▶ _Collected material_
• • •
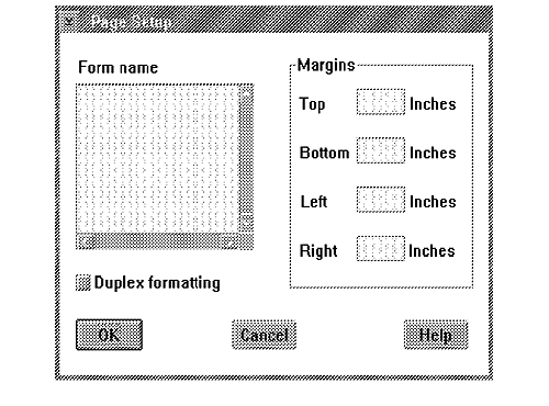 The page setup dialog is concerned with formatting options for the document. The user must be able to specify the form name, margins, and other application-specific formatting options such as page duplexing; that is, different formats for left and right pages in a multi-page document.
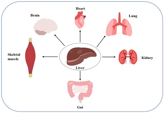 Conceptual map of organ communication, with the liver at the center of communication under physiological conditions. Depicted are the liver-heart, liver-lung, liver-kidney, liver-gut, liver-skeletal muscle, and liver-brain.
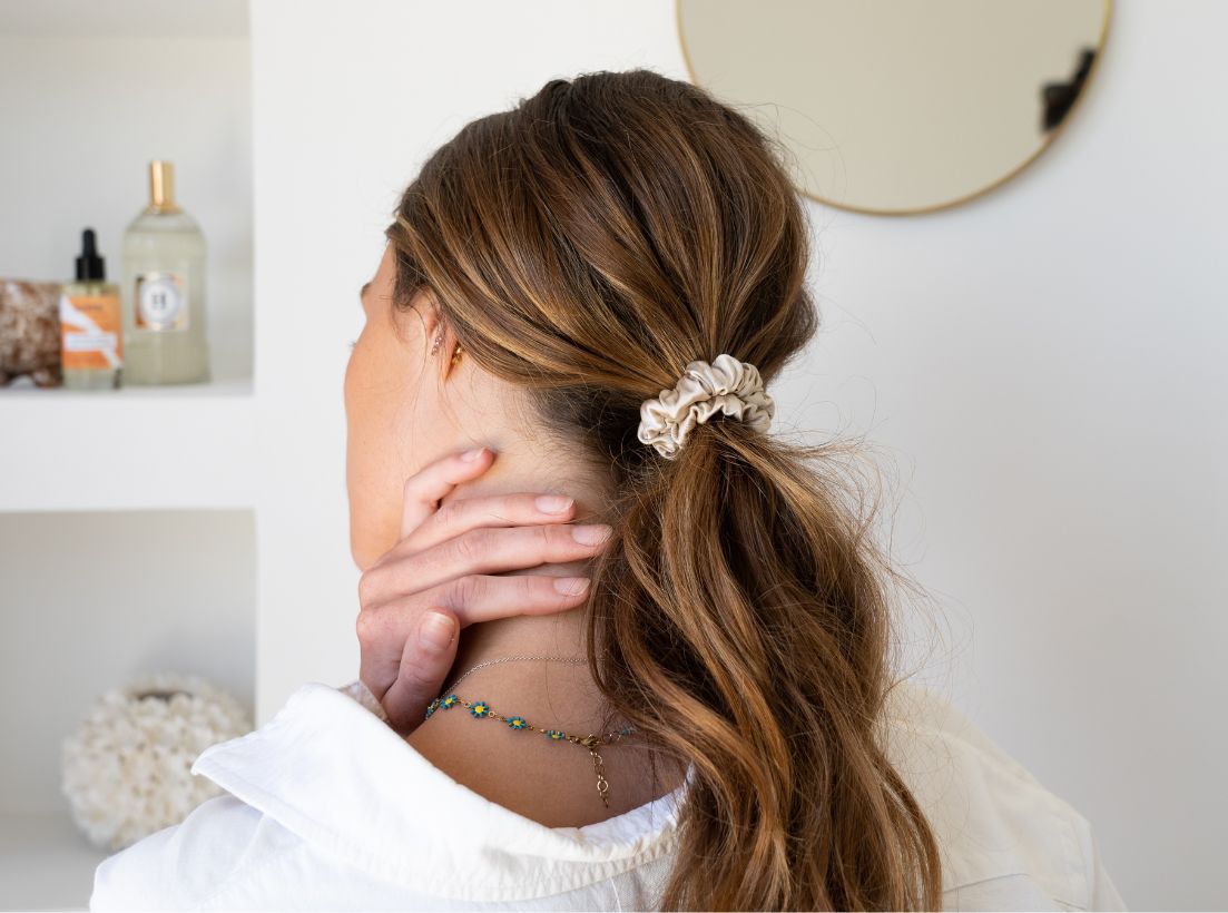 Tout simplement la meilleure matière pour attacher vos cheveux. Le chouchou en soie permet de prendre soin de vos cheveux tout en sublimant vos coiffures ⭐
• • •
▶ _The problem_
Without any pictures, please write out the lines from the one containing "Conceptual map of" through the final line of the data, exactly and inclusive of both ends.

▶ _Written answer_
 Conceptual map of organ communication, with the liver at the center of communication under physiological conditions. Depicted are the liver-heart, liver-lung, liver-kidney, liver-gut, liver-skeletal muscle, and liver-brain.
 Tout simplement la meilleure matière pour attacher vos cheveux. Le chouchou en soie permet de prendre soin de vos cheveux tout en sublimant vos coiffures ⭐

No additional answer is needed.